The two-meter (two-yard) long piece of wreckage was discovered near Saint-Andre, on the eastern side of the French territory island off the east coast of Africa on Wednesday.

"It is almost certain that the flaperon is from a Boeing 777 aircraft. Our chief investigator here told me this," Malaysia's Deputy Transport Minister Abdul Aziz Kaprawi said on Thursday.

A flaperon is a moving wing surface found close to the fuselage of a plane.

Significant number

Australian Transport and Infrastructure Minister Warren Truss said the discovery was a "very important development" in the search for Flight MH370, which was an aircraft of the same type.

Australia has been leading search efforts over more than 50,000 square kilometers (19,000 square miles) of the southern Indian Ocean since the plane's disappearance in March 2014.

Truss told reporters on Thursday that a number stamped on the debris may help to quickly identify the aircraft. He said the number, BB670, was not a serial number but could be a maintenance number.

Australian scientists are now reportedly looking at photographs to determine whether barnacles attached to the debris correlate with the amount of time that it would have been in the ocean.

Search for closure

Truss also said on Thursday that the find, if it was wreckage from the missing aircraft, "starts to provide some closure for the families of the MH370 passengers."

Some relatives said they had mixed feelings at the news as they struggle between finding closure and holding out hope that those on board may still be alive.

"I hope we can confirm this is from MH370," said G. Subramanian, whose son S. Puspanathan was on board.

"I want closure to this mystery. But we hold to the belief that Puspanathan is still alive," he told AFP news agency.

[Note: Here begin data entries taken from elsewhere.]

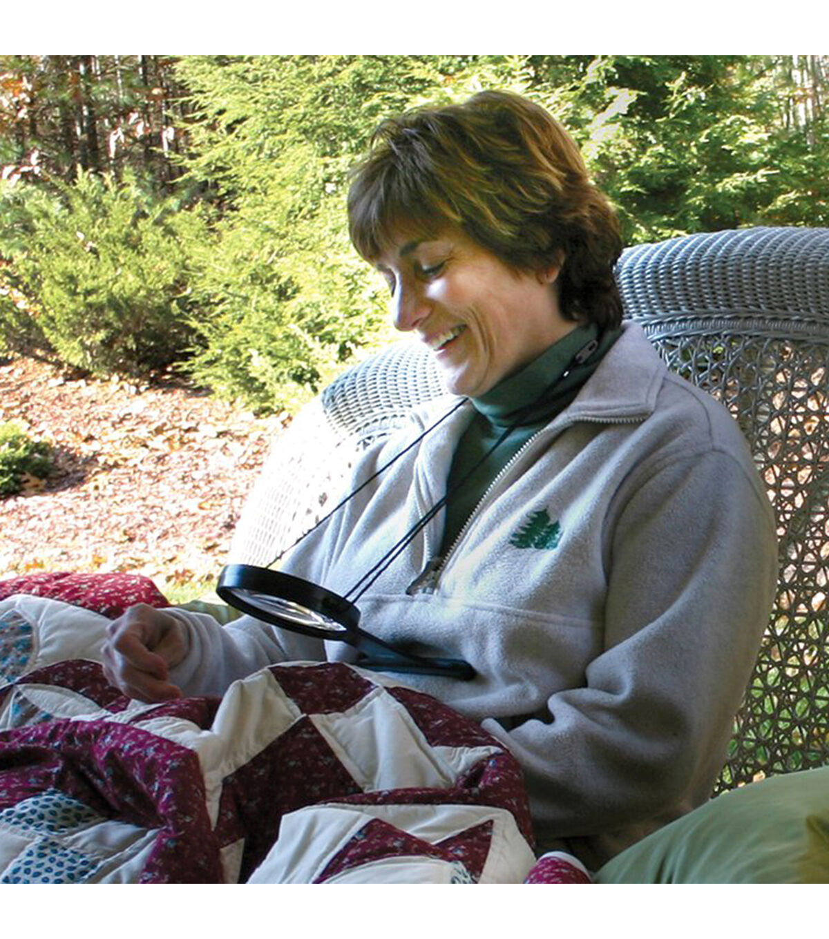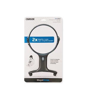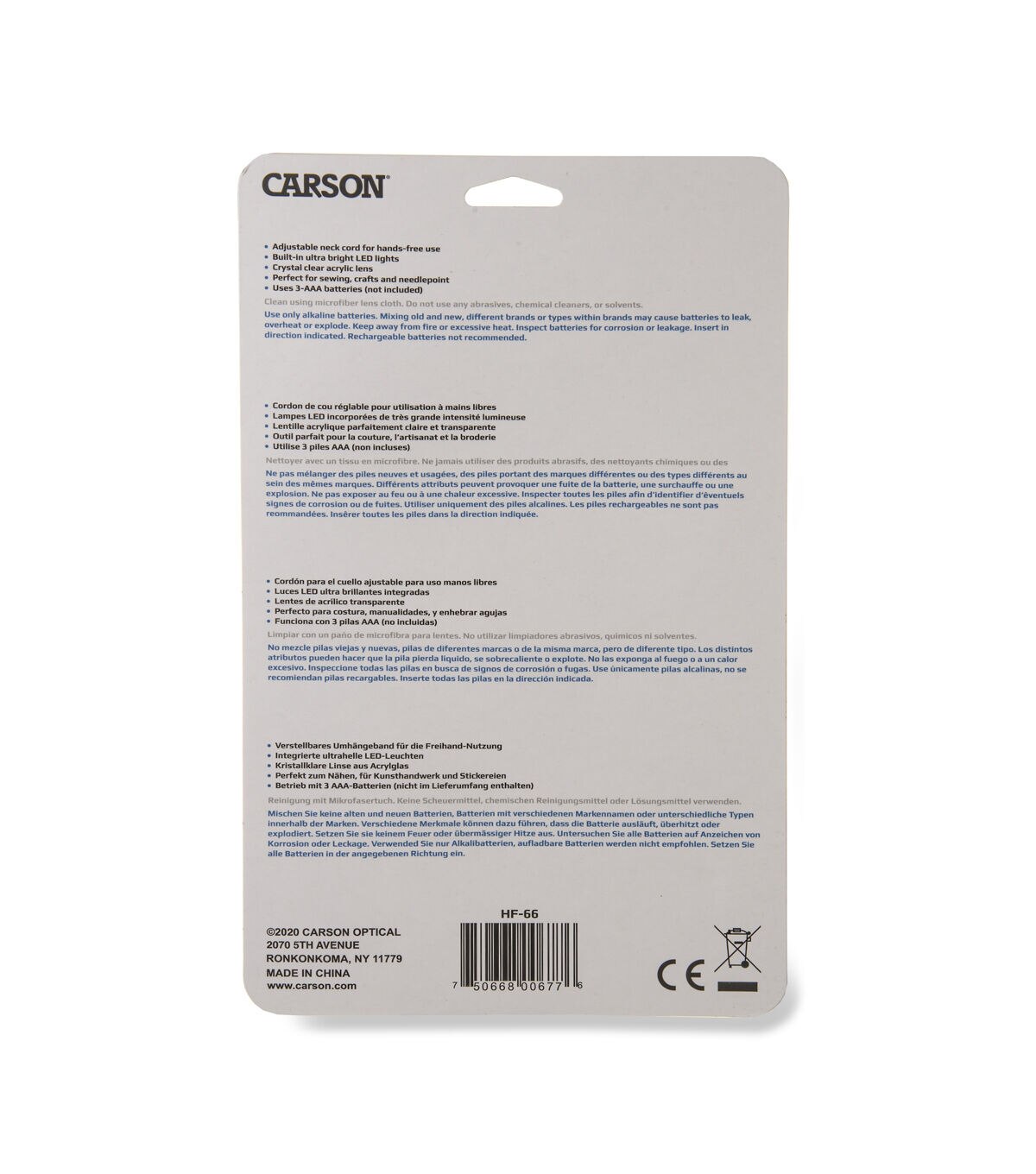 The MagniShine (HF-66) from CARSON is an LED Lighted 2x power neck worn handsfree magnifier that is popular with crafters and sewers. The wide 5 inch acrylic lens allows for greater viewing flexibility without adding undue stress to your neck. It’s equipped with a bright light dual-LED, making viewing easy in any light condition. The wide bridge and adjustable neck strap are designed to be used at various angles to accommodate a wide range of visual needs and comfort. Simply hang it around your neck, adjust the bridge and strap to a comfortable viewing distance and enjoy hours of hands free use. This magnifying glass is perfect for hobbies, crafts, needlepoint, crochet, and cross-stitch. Uses 3-AAA Batteries (not included). At Carson, we are so confident in our magnifiers that we back them with a Lifetime Limited Warranty!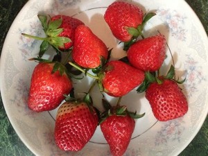把带着草莓绿色帽子的那头切掉一部分!就是白色没有味道的那部分切掉!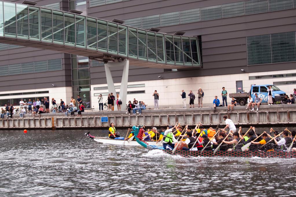 6月18日,在丹麥哥本哈根南港碼頭舉行的第六屆哥本哈根龍舟文化節(jié)上,人們比賽劃龍舟。新華社發(fā)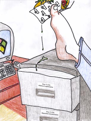 Chris Carter takes the four young adult males out and teaches them to surf. They, in turn, teach him to pick up stuff with his toes. In an "Entertainment Tonight" interview, the Work-A-Holic blurts out that with this new skill, "I don't have to stop for lunch!" (he grins as he says this, setting off a series of facial twitches (see"StarTreX" #2, next story.) (Leila's note to the readers: The file drawer labels came out very small. The labels read: Ways to Die: Ablation-Lyophilization, and, Ways To Die: Maceration-Zymoticization, ok?) |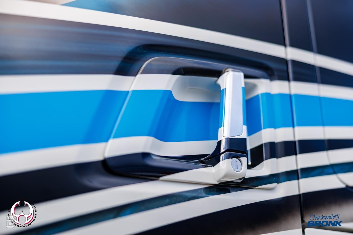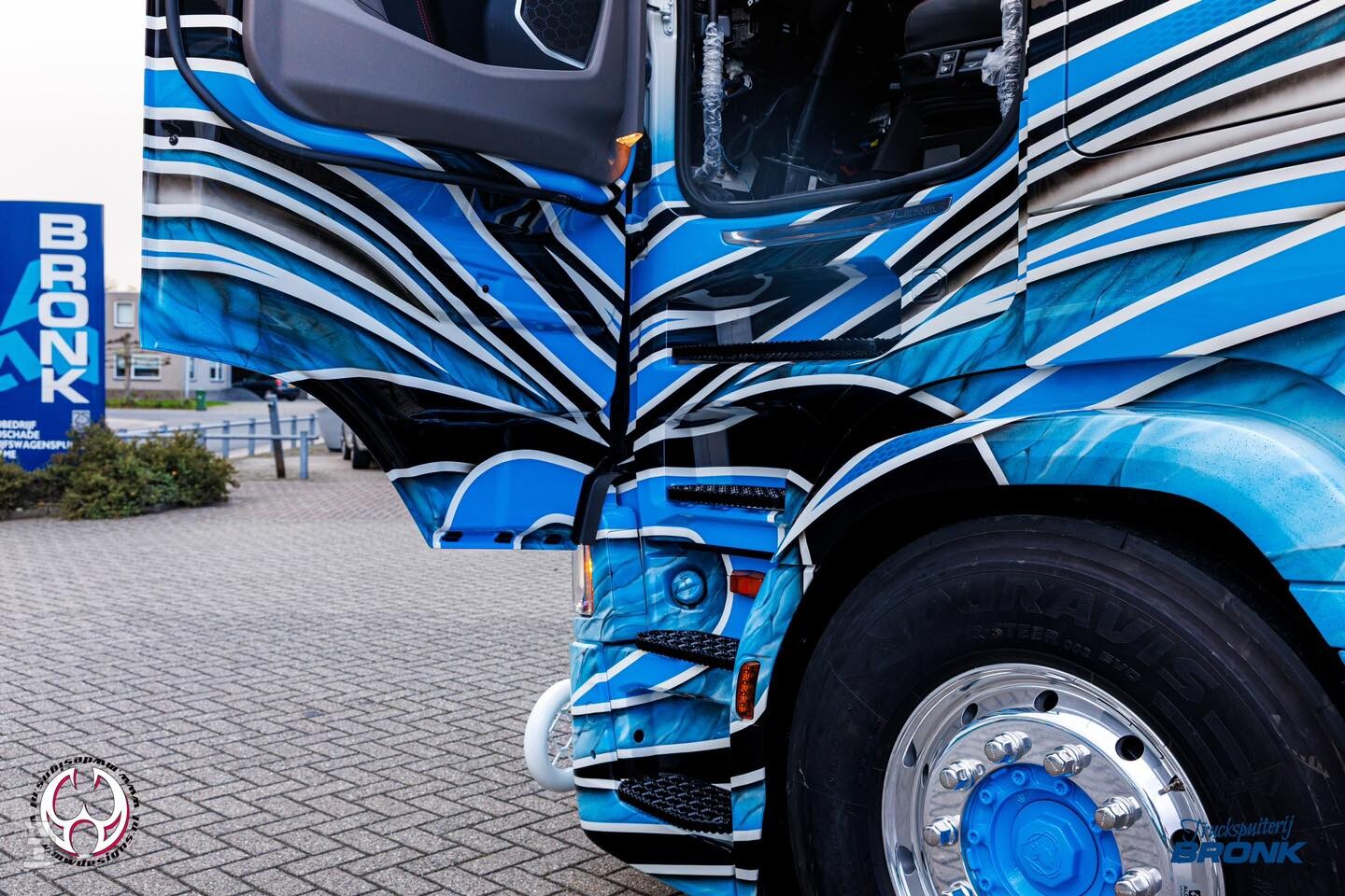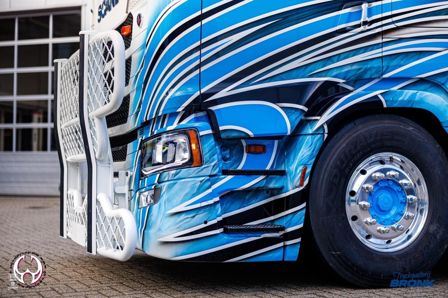 De Scania werd opgebouwd door TSW-Truckstyling met onder meer een bullbar, een stoere lichtbak en een verlengde zonneklep. Ronduit spectaculair is het spuitwerk, met veel lijntjes die overal keurig doorlopen. Ook als je de deuren open doet loopt het lijnenspel door, ook aan de binnenkant van de deuren. Best ingewikkeld met al die rondingen en het aantal lijnen. Ook het special paint werk is bijzonder fraai geworden, met stoere cowboy's uit de serie Yellowstone. Eigenlijk is het enige wat mist aan deze truck een TIA Cowboy Club lichtbakje!

Many relatives of the missing passengers have criticized Malaysia over the handling of the disaster because of the lack of discoveries made by investigators.

Aviation mystery

Flight MH370 disappeared from radar screens shortly after departing from Kuala Lumpur en route to Beijing.

Officials believe the plane, which was carrying 239 passengers, was flown thousands of kilometers off course before crashing in the Indian Ocean.

No remnants of the aircraft have been found and its disappearance remains one of aviation's biggest mysteries.